> "Owen Jacobson" <angrybaldguy@gmail.com> wrote in message > news:2010062819564372407-angrybaldguy@gmailcom... >> On 2010-06-28 02:16:28 -0400, Peter Webb said: >> >>> "Owen Jacobson" <angrybaldguy@gmail.com> wrote in message >>> news:2010062800145641786-angrybaldguy@gmailcom... >>>> On 2010-06-27 22:59:12 -0400, Peter Webb said: >>>>> Thirdly, I already provided a definition of "listable" which is >>>>> equivalent to being recursively enumerable. If people try and redefine >>>>> terms to mean something different, then there are going to be >>>>> misunderstandings. >>>> >>>> Then let's do away with the word entirely, for the sake of understanding. >>>> >>>> To recap: I believe your point to be that we can add the word >>>> "computable" to "real" in Cantor's diagonal argument and arrive at the >>>> conclusion that the computable reals are either uncountable or not >>>> recursively enumerable (it's unclear which). To do this, you use an >>>> informal presentation of Cantor's diagonal argument which uses the word >>>> "list". >> >> Here is a revised version with that error corrected: >> >> 1. Let S be the set {0, 1}^N. >> 2. For any function L from N to S, there exists an element of S not in >> the image of L. >> 3. There exists an element d of S with the following property: for >> every natural number x, the x'th element of d is equal to the x'th >> element of L(x). >> 4. Since d exists, there also exists an element d' of S with the >> following property: for every natural number x, the x'th element of d' >> is 1 if the x'th element of d is 0 and is 0 if the x'th element of d is >> 1. >> 5. Since for every natural number x, L(x) differs from d' at the x'th >> place, d' is not in the image of L. >> 6. Therefore no function from N to S is surjective. >> >>>> Where should we insert the word "computable" (or the term "recursively >>>> enumerable") to arrive at your argument? > > The proof as you have revised it is the proof that the cardinality of a > powerset exceeds that of the set itself, for the special case where the > set is N.
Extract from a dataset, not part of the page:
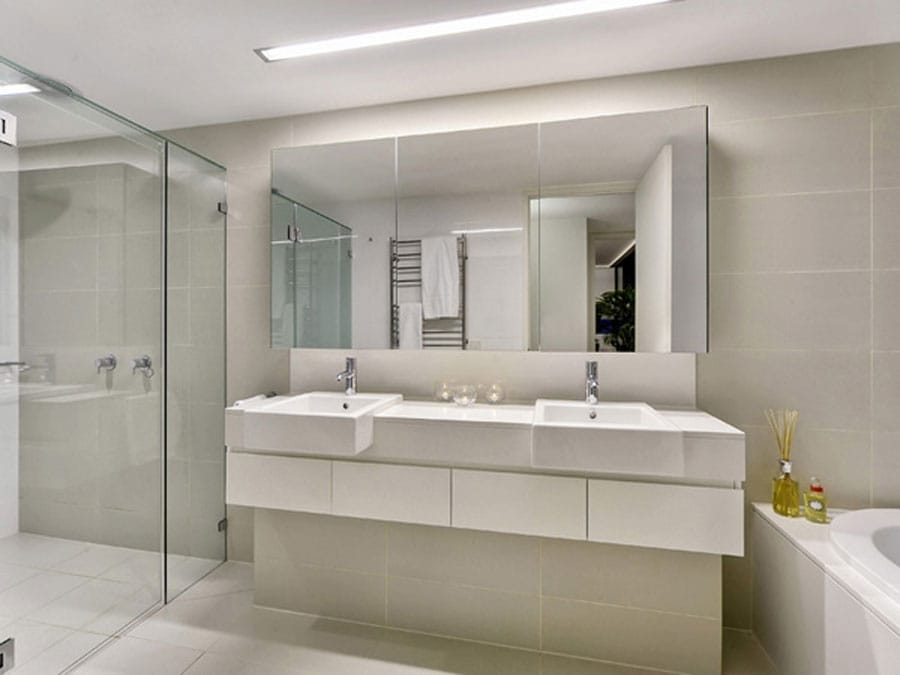 A wall light over the mirror continues the straight lines of the bathroom. It provides seamless illumination. Lastly, a glass shelf accommodates toothbrush holders.
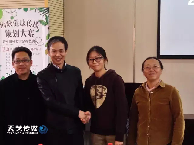 典禮由廈大新聞傳播學院團委書記戴瑩先生主持,作《廈門大學新聞傳播學院2016學年獎學金評審工作報告》并宣讀有關(guān)獎學金的獲獎名單,天藝傳媒董事長林少敏先生為獲獎學生頒獎。

That's all that Cantor's diagonalization proof demonstrates.
> As I have already said several times, I have no problem with that > proof, and no problem with card(P(N)) > card(N), from which the > uncountability of the Reals follows immediately. My problem is with the > standard presentation of Cantor's diagonal argument applied to decimal > expansions.
Ah. So, if we do away with informal wordings[0], your proposition regarding computable reals also disappears? Then I won't think about it any further, as it's obviously not a formal mathematical argument. I'm still interested in the failure of comprehension that lead to your proposition, though.
> This rather unfortunately starts off with a purported "list", and then > proves no such list can exist. However, there are countable subsets of > R which cannot be formed into an explicit list either. Proving that no > explicit list can exist is not the same as proving uncountability.
Various presentations have varying degrees of formality, and some of them are informal enough to use the term "list" without first defining it, or are taken out of context and given without definitions. Invariably[1], the implied or omitted definition of "list of reals" is along the lines of "a function from N to R", without regard to computability or any other notion of being finitely describable.
> I think that you have rather proved my point. You admit that your proof > contains an error
No, I admit that my presentation of it contained an error: specifically, I was not formal enough to avoid specific misunderstandings. I made no changes to the structure of the proof; I only replaced wordings like "we can identify" with more formal phrasings like "there exists".
> and you needed to change your proof to remove the explicit use of the > nth digit of the nth decimal.
I deny making any such change. You have interpreted my original wording in a way that is incompatible with the corrected wording; however, the change was only to remove this source of confusion. Others (thanks, Tim!) in this thread would likely agree that both forms present the same argument, only differing in pedanticness and formality.
Note that the corrected version also explicitly mentions the well, x'th element of L(x) when giving the properties of d. Why does the phrasing
"There exists an element d of S with the following property: for every natural number x, the x'th element of d is equal to the x'th element of L(x)."
not cause you to object, while the phrasing
"We identify an element d of S that is the diagonal of L: for every natural number x, the x'th element of d is equal to the x'th element of L(x)."
does?
> In its common form, it proves that you cannot from an explicit list of > Reals. This does not immediately mean that the Reals are uncountable; > merely that they are not recursively enumerable.
I don't understand how, given an argument that uses an undefined term ("list"), you would reach the conclusion that it says anything about recursive enumerability. Surely the strongest conclusion you can reach from such an argument is "Therefore, no list contains every real... but what's a list?"
Cheers,
-o
[0] Used, believe it or not, to *ease* comprehension. The best laid plans... [1] Well, actually, I'd be very interested in a published version of this argument where "list" means something incompatible.